Problem requirements:
After dropping the pictures, give again exactly the lines of the data from its first line through the line with "電子コンパスによる進行方向の", which is included as well.

Data shown:
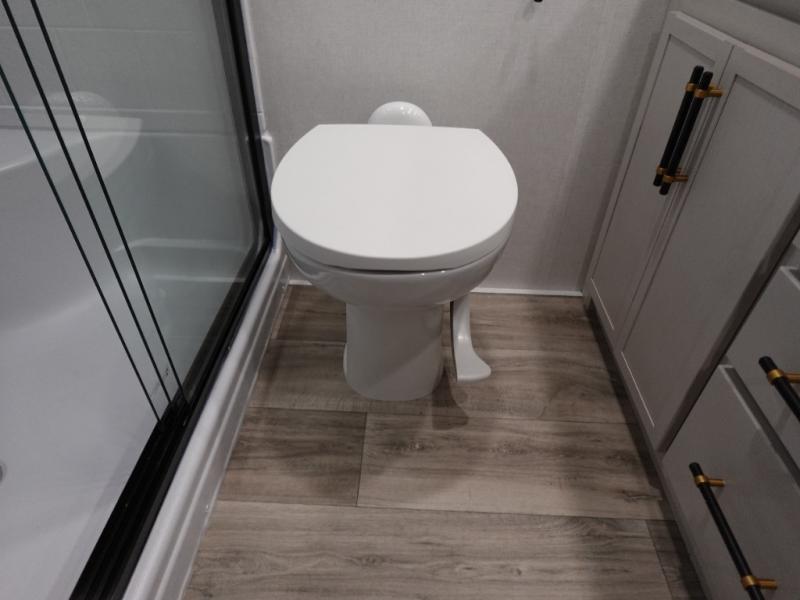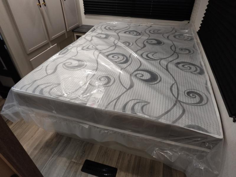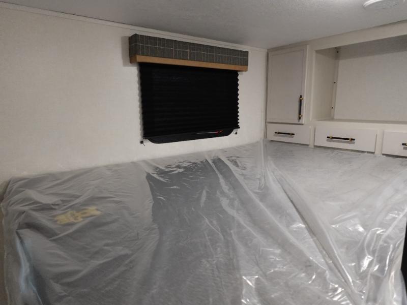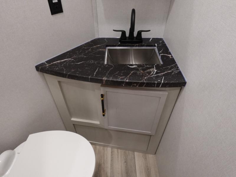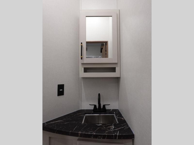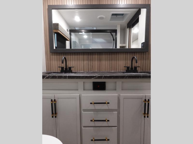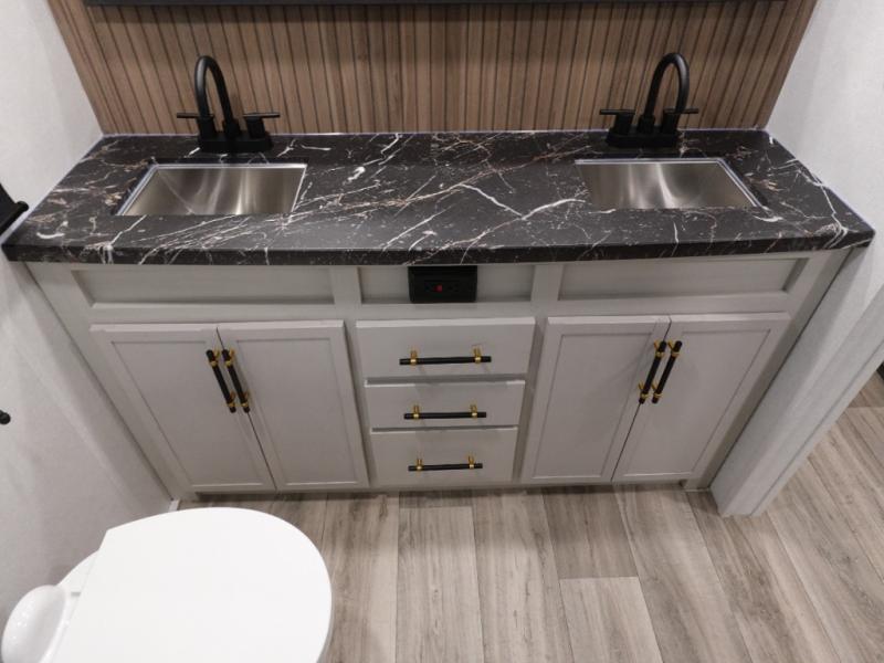 You will experience a smooth flow of traffic in and out of this fifth wheel with dual entry doors! One of the entrances even leads into the rear private bedroom which also has a 54" x 74" loft bed for storage or sleeping space, plus its very own half bathroom which will come in handy at night. The chef will enjoy preparing and serving meals using the kitchen island and all the amenities inside, plus they will enjoy cooking at the outdoor kitchen when wanting to be outside with everyone. Inside, there is a large pantry that is big enough to store everyone's favorite snacks, and the booth dinette offers a comfortable place to eat your meals or play card games. And the full bathroom has a dual sink vanity for two to get ready at once. When you're ready to wind down your nights, head to the front private bedroom and relax on the king bed slide!
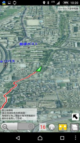 電子コンパスによる進行方向の矢印が出るのは,2次元の地図と同じです. また,ヘディングアップボタン
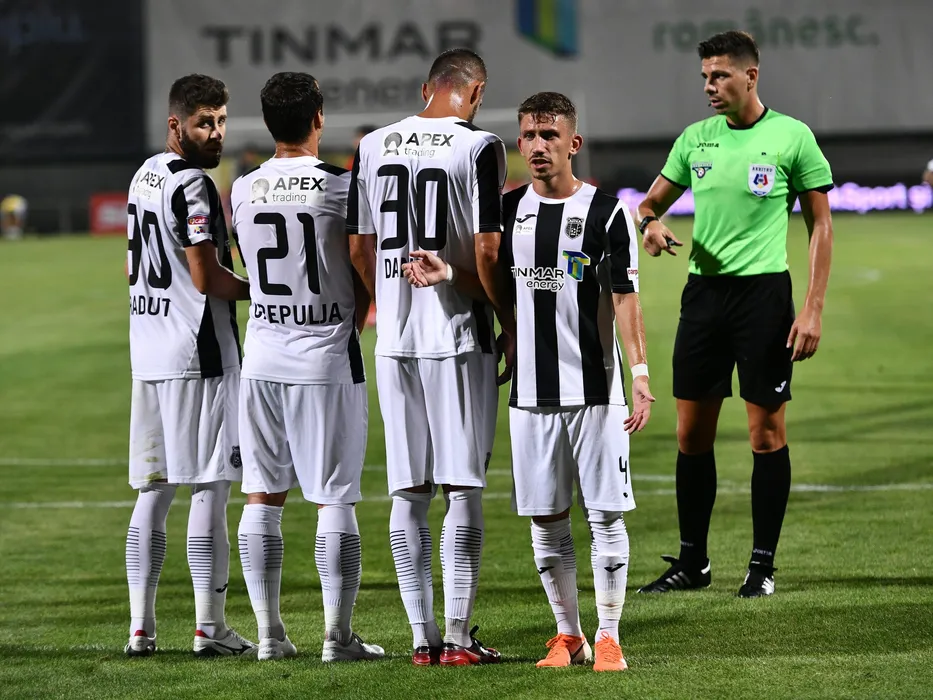Mihai Cosmin Radut si Marius Catalin Pahontu alaturi de arbitrul central Marian Barbu in meciul de fotbal dintre Astra Giurgiu si FCSB, contand pentru Liga 1 Casa Pariurilor, desfasurat pe Stadionul Marin Anastasovici din Giurgiu, sambata 22 august 2020. © FOTO:Razvan Pasarica/SPORT PICTURES

Completed exercise:
 You will experience a smooth flow of traffic in and out of this fifth wheel with dual entry doors! One of the entrances even leads into the rear private bedroom which also has a 54" x 74" loft bed for storage or sleeping space, plus its very own half bathroom which will come in handy at night. The chef will enjoy preparing and serving meals using the kitchen island and all the amenities inside, plus they will enjoy cooking at the outdoor kitchen when wanting to be outside with everyone. Inside, there is a large pantry that is big enough to store everyone's favorite snacks, and the booth dinette offers a comfortable place to eat your meals or play card games. And the full bathroom has a dual sink vanity for two to get ready at once. When you're ready to wind down your nights, head to the front private bedroom and relax on the king bed slide!
 電子コンパスによる進行方向の矢印が出るのは,2次元の地図と同じです. また,ヘディングアップボタン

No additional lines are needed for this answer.